SOL 101 and SOL 103 represent the linear static and linear eigenvalue analysis, respectively. Therefore, you must define a finite element file (for example, bdf) containing the SOL 101 and another finite element file (for example, bdf) containing the SOL 103 when both the responses from the static and frequency analysis are applied in the optimization formulation (for example, minimizing the compliance but still ensuring that the first eigenfrequency is higher than a given value).

However, there is a workaround to reduce the finite element analysis CPU-time for MSC Nastran® when responses consist of both static and modal responses. Only the SOL 103 solution can be used when both the responses from the static and frequency analysis are applied in the optimization formulation. This is done by adding static load case in the SOL 103 solution.

Important:

The eigenfrequency solutions of the structure are not allowed to be prestressed (then convergence is not guaranteed). Thus, the user should define a dummy load case, which has no stresses and this dummy load case is referenced in the eigenfrequency analysis.

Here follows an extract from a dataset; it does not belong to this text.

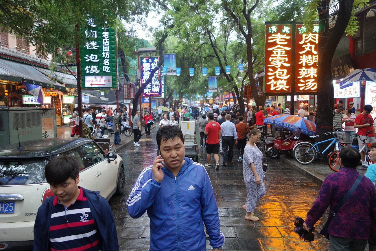 We are now en route to the Muslim Quarter. 50,000 Muslims live in Xian. In China there are about 330 million bicycles. 2 female police officers directing traffic. It continues to drizzle. The Muslim Quarter is a very busy place. 6-8 blocks of restaurants and dining options on both sides of this pedestrian mall. Huge crowds. A very festive fun atmosphere. Continuing down 'the Muslim Street' we have now entered another commercial district where seemingly everything but food is sold. Here it is all about souviners. I love the atmosphere in the Muslim Quarter 'Snack Street'. The souviners were pretty cool also. Great atmosphere.

An example of combining several frequency analyses and several static analyses in SOL 103 is given below:


SOL 103
...
SUBCASE 1
$ dynamic loadcase 1
 METHOD=....
 SPC = ....
$ the structure is prestressed.
$ The REFEERED subcase (20) has no stresses !
 STATSUB = 20
SUBCASE 2
$ dynamic loadcase 2
 METHOD=....
 SPC = .....
$ the structure is prestressed.
$ The REFEERED subcase (20) has no stresses !
 STATSUB = 20
.......
SUBCASE 13
$ Static loadcase 1
 SPC = ....
 LOAD = ....
SUBCASE 14
$ Static loadcase 2
 SPC = ...
 LOAD = ...
…………..
SUBCASE 20
$ DUMMY static loadcase, which is stress free !
$ The command load should NOT be present here !
$ Boundary conditions are added for ensuring
$ no singularities of the global stiffness and mass matrix
 SPC = 3
BEGIN BULK
……..
ENDDATA

Important:

  • Remember when defining the command DRESP in the parameter file to distinguish between the different types of load case (STATIC - MODAL) and the number of eigenfrequencies.
  • Generally, laminate materials cannot be used in topology optimization. However, laminate materials as design elements are supported for MAT2, MAT8, and MAT9 in MSC Nastran®.

Temperature Loading

TEMPERATURE(LOAD) or TEMPERATURE(BOTH) in sub cases referring to the following types are supported for temperature loadings using SIMULIA Tosca Structure:

  • TEMP
  • TEMPD
  • TEMPP1
  • TEMPRB
  • TEMPAX
Important:

  • Different sub case can have different or nonpresent temperature loadings.
  • STRAIN_ENERGY as DRESP when having temperature loading is not allowed for MSC Nastran® because MSC Nastran® is calculating the strain energy without isotropic thermal expansion.
  • For temperature loadings, shell elements (CTRIA3, CTRIA6, CTRIARCQUAD4, CQUAD8, CQUADR ) are not supported within the design domain. However, the elements can be included in the model.
  • The material parameters are not allowed to be a function of the temperature. Thus, TEMPERATURE(MATERIAL) and TEMPERATURE(INITIAL) are not supported.
  • TEMPBC and TEMPF are not supported as boundary conditions and temperature-dependent material, respectively.